The Trump presidency, promising less regulation and more drilling, arrives just at the right time for the oil industry.
For the first time in months, industry officials are hopeful that prices could stick above $50 per barrel, a level that would allow more U.S. drilling rigs to come on line.
Higher prices, along with President-elect Donald Trump's pledge to support the industry by rolling back regulations and weakening environmental rules, means relief for some hard-hit energy producers. The U.S. has slowly been adding oil rigs in recent months, but the count jumped by 21 to 498 last week, according to Baker Hughes. That is still well below the peak of 1,600 two years ago.
Energy industry CEOs and business leaders who gathered in New York City for the Platts Global Energy Awards Thursday were more optimistic than they've been in several years, though they say there are still unknowns. OPEC's recent agreement to cut production has helped boost prices, and that is a big factor.
"I think [in] 2017, the big question will be if the price recovery will hold and [if] that will bring some of the producers in the shale industry to increase production. Obviously there are a lot of expectations [of] the new administration but we have to see what [the change] actually means," said Martin Fraenkel, president of S&P Global Platts.
"I think [Trump will be] good for the Industry," said Gary Ross, executive chairman and head of Global Oil at research firm Pira Energy. "There are many positives on the supply side from the Trump presidency, and there's potential on the demand side. Backing away from global warming, backing away from fuel efficiency standards for new automobiles. Some of these new developments and a stronger economy are all going to lead to more demand."

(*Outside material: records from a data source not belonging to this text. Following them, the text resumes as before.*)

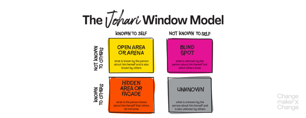 Johari’s window, devised by Joseph Luft and Harry Ingham, is a popular tool to increase knowledge about the self. Each quadrant contains the information that is known / unknow by the person as well as known / unknown by others.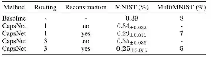 也就是这篇论文仅仅是为了实现一个简陋的,能用的基于 capsule 的模型,原则上无论结果多么差都可以接受。而结果还是基本令人满意的,并且动态路由算法似乎能提升算法性能。作者并没有精心设计高效可扩展的算法,而是仅仅展示 capsule 是能用的。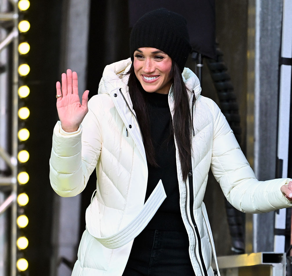 Κάτω από το παλτό, η Meghan κράτησε το outfit απλό αλλά σικάτο, επιλέγοντας ένα μαύρο πλεκτό φόρεμα που αγκάλιαζε τη σιλουέτα της, αφήνοντας το πανωφόρι να γίνει το statement κομμάτι. Όσο για τα αξεσουάρ της, κινήθηκε στη φιλοσοφία του “less is more”: διακριτικά κοσμήματα, ένα κλασικό μαύρο clutch και ένα ζευγάρι μαύρες γόβες Aquazzura, ένα brand που αγαπά ιδιαίτερα.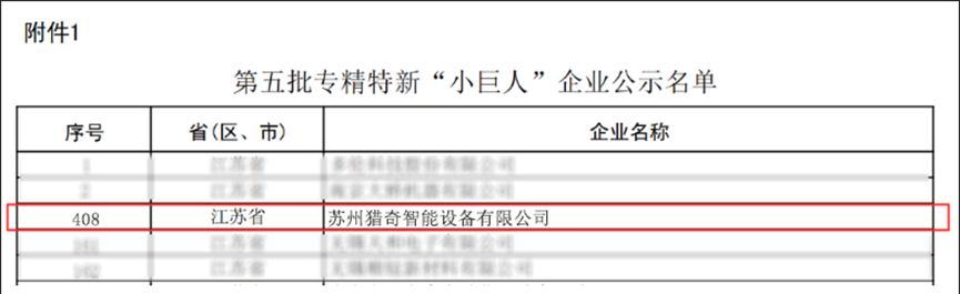 ICC訊 近日,國(guó)家工業(yè)和信息化部組織開(kāi)展的第五批專(zhuān)精特新“小巨人”企業(yè)培育工作已完成相關(guān)審核及公示程序, 根據(jù)江蘇省工信廳發(fā)布的《關(guān)于江蘇省第五批專(zhuān)精特新“小巨人”企業(yè)和第二批專(zhuān)精特新“小巨人”復(fù)核通過(guò)企業(yè)名單的公示》,蘇州獵奇智能設(shè)備有限公司成功入選工信部第五批專(zhuān)精特新“小巨人”企業(yè)。

Following last week's market-supporting OPEC decision to trim production by 1.2 million barrels a day, there are questions about what the non-OPEC players will do. Ahead of this weekend's non-OPEC producer meeting in Vienna many are confident that there will be coordination.
"I think they will meet Saturday, and I'm sure they will contribute. I don't want to say they must contribute, but it is very important that they contribute 600,000 barrels a day, because 1.2 million (from OPEC alone) will not have that much effect, but 1.8 (between OPEC and non-OPEC) will really have some effect on the market," said Former OPEC Secretary General Abdallah Salem el-Badri.
Meanwhile, the Saudis appear to be moving forward and upholding their end of the bargain, in advance of the announced cuts in January.
"The Saudis are cutting customer allocations. They sent out announcements to their customers … so they are cutting production, and I think you're going to see bigger cuts, slightly bigger cuts, in the United States than anywhere else," said Ross.
A number of industry officials and experts attending the conference agree oil prices could end up in the $60-70 range next year.
Harold Hamm, CEO of Continental Resources and candidate for the Secretary of Energy position in President-elect Trump's cabinet ,said he expects OPEC and non OPEC producers to cooperate on production cuts. That would be good for the consumer, but the industry has to be careful not to get too aggressive with drilling.
"The Saudis are targeting at $55-65. I think that's gonna be the biggest hold back, that price level…And we shouldn't drill everything that works…If we get oversupplied again you can look for another [corrective] situation. You shouldn't get too far out over your skis in case that should happens," Hamm said.